Health Development Agency Deploys 1,447 Midwives To Rural Communities

Channels Television  
Updated December 16, 2016

Health Development Agency Deploys 1,447 Midwives To Rural Communities The National Primary Health Care Development Agency (NPHCDA), has deployed 1,447 midwives to rural communities in the northern part of Nigeria for their one year mandatory Midwives Service Scheme (MSS).

At a Flag-Off Orientation and Documentation of Basic Midwives held in Kaduna on Thursday, the Acting Executive Director of the agency, Dr. Echezona Ezeanolue, who declared the induction course open, said the programme was aimed at reversing the ugly trend in the maternal and child health outcomes.

Describing the high rate of maternal and newborn deaths as a national tragedy which requires concerted effort to tackle, Professor Ezeanolue charged the midwives to take the assignment seriously wherever they would be posted.

The deployment of the nurses is under the midwives service scheme, an intervention started since 2009, to reduce the number of women and children who die from pregnancy-related complications.

Since its inception, the scheme has demonstrated progressively to be a strategy for achieving better maternal and newborn outcomes.

However unfortunately, lack of adequate funding has been a major challenge in realizing this objective.

The NPHCDA has already staged orientation for a first batch of 443 midwives in Abuja, the second is taking place in Kaduna, while the third would be conducted in Edo state.

The executive director who identified lack of medical personnel as some of the factors responsible for maternal and child deaths in the country, expressed hopes that the deployment of these nurses to the rural communities will mitigate incidents of pregnant women and child related deaths in those areas.

She called on the midwives to show hard work and patriotism during the service, reminding them that their performance would determine their induction into the Nursing and Midwifery Council of Nigeria.

“It is our believe that the scheme will continue to strengthen the PHC system and have positive bearing on all other levels of care.

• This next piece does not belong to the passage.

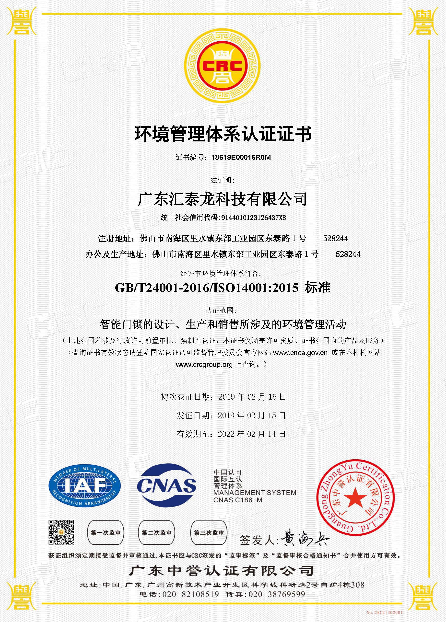 環境是人類賴以生存的條件,關系到人類可持續性發展。良好的環境管理有利于企業的可持續及長足發展,亦是企業承擔社會責任的體現。2019年,匯泰龍通過GB/T24001-2016/ISO14001:2015環境管理體系認證,在環境管理方面更上一個臺階
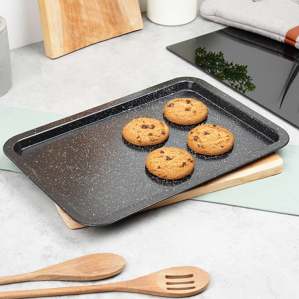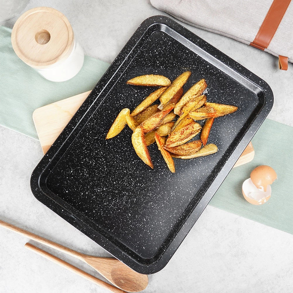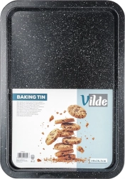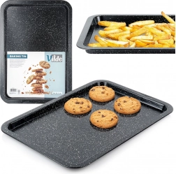 Obdélníkový plech z kvalitní uhlíkové oceli s granitovou nepřilnavou povrchovou úpravou odolává teplotám až 230 °C, nepohlcuje pachy a nezadržuje tekutiny. Je vhodný do plynových i elektrických trub a díky rovnoměrnému rozvodu tepla docílíte vždy skvělých výsledků.

“It is important to note that your engagement into the scheme is a pre-requisite for you to receive your license from the Nursing and Midwifery Council of Nigeria.

“This underscores the need for you to be of good conduct to your clients and members of the communities where you will be posted during this period.

“The Midwives Service Scheme has demonstrated progressively to be a strategy for achieving better maternal and newborn health outcomes as well as revitalizing the primary health care system.

“The health workers under the scheme are trained on life saving skills, modified life saving skills and other required skills and competences to improve quality of care at the facility level.

“The agency has reinvigorated the ward development committees and will continue to build capacity within diverse community stakeholders. The scheme has also provided an opportunity to deliver essential drugs and supplies to facilities under the scheme.”

Furthermore, she said: “I wish to reiterate that maternal and newborn deaths remain a national tragedy. Any Nigerian woman’s life lost is a loss to our dear nation’s human capital.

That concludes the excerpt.